- Born: 26 May 1959 (age 67) Deurne
- Education: Katholieke Universiteit Leuven
- Occupation: Professor
- Employer: Katholieke Universiteit Leuven

= Hilde Heynen =

Architectural theoreticians

Hilde Heynen (born 26 May 1959 in Deurne) is professor of architectural theory at the Katholieke Universiteit Leuven. She researches modernism, modernity, and gender in architecture. Heynen is the author of several books and publishes regularly in architectural journals such as the Harvard Design Magazine, The Journal of Architecture, and The Architectural Review of which she is a member of the editorial board. She is also a board member of the European Association of Architectural Education (EAAE) and the Society of Architectural Historians (SAH).

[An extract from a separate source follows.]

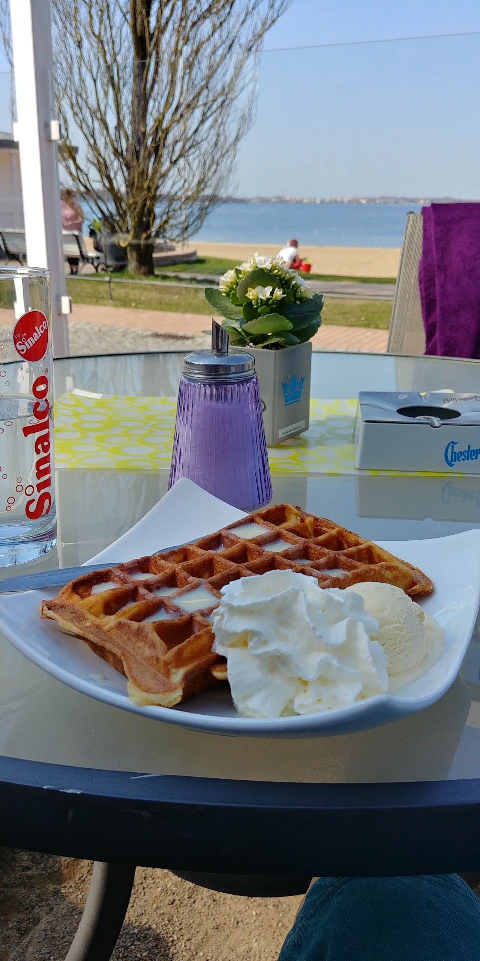 Read moreIch war mit meinem Mann in der Strandperle um die berühmten belgischen Waffeln zu essen. Klasse waren die👌!!! Es wird in der Witschaft auf Sauberkeit geachtet und das Personal ist zuvorkommend und sehr nett. Wir kamen mit dem Betreibern der Strandperle ins Gespräch und es stellte sich heraus, dass sie nicht nur leckeres Essen und Getränke haben, sondern auch ganz tolle Produkte aus dem Bereich der natürlichen Körperpflege vertreiben. Zahnpulver, welches die Zähne schonend reinigt....einfach ein tolles Produkt und alles in Eigenherstellung. Das Zahnpulver scheint ein Zaubermittel zu sein, denn meine Zähne sind nach dem Putzen richtig schön glatt. Für meinen Mann gab es selbst hergestellte Spiritosen, denn Schönheit kommt auch von innen😅. Kurz um.....es war ein unvergesslicher Besuch in der Strandperle und ich möchte mich auf diesem Weg recht herzlich für den tollen Nachmittag bei Euch bedanken. Ihr seid Klasse und....bis zum...

Heynen is a member of the Royal Flemish Academy of Belgium for Science and the Arts since 2009.

== Academic career==
She has graduated from Katholieke Universiteit Leuven where she has studied both philosophy and architecture. She has also spent some time in J. Paul Getty Foundation as a Postdoctoral Fellow. Beside being a professor of architecture theory at the Katholieke Universiteit Leuven, Heynen works with Massachusetts Institute of Technology, the Architectural Association School of Architecture in London, and RMIT University in Melbourne as visiting professor.

==Books==
- Architecture and Modernity: A Critique. MIT Press, 1999
- Dat is architectuur. Sleutelteksten uit de 20ste eeuw (co-editor). 010 Publishers, 2001
- Back from Utopia. The Challenge of the Modern Movement. 010 Publishers, 2002
- Inside Density. La Lettre Volée, 2003
- Negotiating Domesticity. Routledge, 2005
- The SAGE Handbook of Architectural Theory, SAGE Publications, 2011.
- Sibyl Moholy-Nagy: Architecture, Modernism and its Discontents, Bloomsbury Academic, 2019.

== Grants ==
- The Research Foundation Flanders
- The Research Council of the Katholieke Universiteit Leuven
- The Netherlands Architecture Fund
- Graham Foundation for Advanced Studies in the Fine Arts.